• _Action item_
Every line in the listing below from the one with "Сега пристъпете към" through the one with "期间阿军输了,我们让他去和旁" is to be reproduced exactly, both ends included; leave out the rest.
[Opening Entries supplied section]
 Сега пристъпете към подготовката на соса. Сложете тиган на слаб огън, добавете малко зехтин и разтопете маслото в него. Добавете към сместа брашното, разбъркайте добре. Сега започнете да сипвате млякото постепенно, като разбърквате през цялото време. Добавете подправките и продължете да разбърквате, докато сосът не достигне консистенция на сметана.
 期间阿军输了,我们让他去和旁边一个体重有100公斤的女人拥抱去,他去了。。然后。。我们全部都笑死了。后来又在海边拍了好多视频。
[Closing Entries supplied section]
[Opening Entries supplied section]
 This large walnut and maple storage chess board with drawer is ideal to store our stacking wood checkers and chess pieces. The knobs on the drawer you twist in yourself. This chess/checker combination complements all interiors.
[Closing Entries supplied section]
• _Solution for this problem_
 Сега пристъпете към подготовката на соса. Сложете тиган на слаб огън, добавете малко зехтин и разтопете маслото в него. Добавете към сместа брашното, разбъркайте добре. Сега започнете да сипвате млякото постепенно, като разбърквате през цялото време. Добавете подправките и продължете да разбърквате, докато сосът не достигне консистенция на сметана.
 期间阿军输了,我们让他去和旁边一个体重有100公斤的女人拥抱去,他去了。。然后。。我们全部都笑死了。后来又在海边拍了好多视频。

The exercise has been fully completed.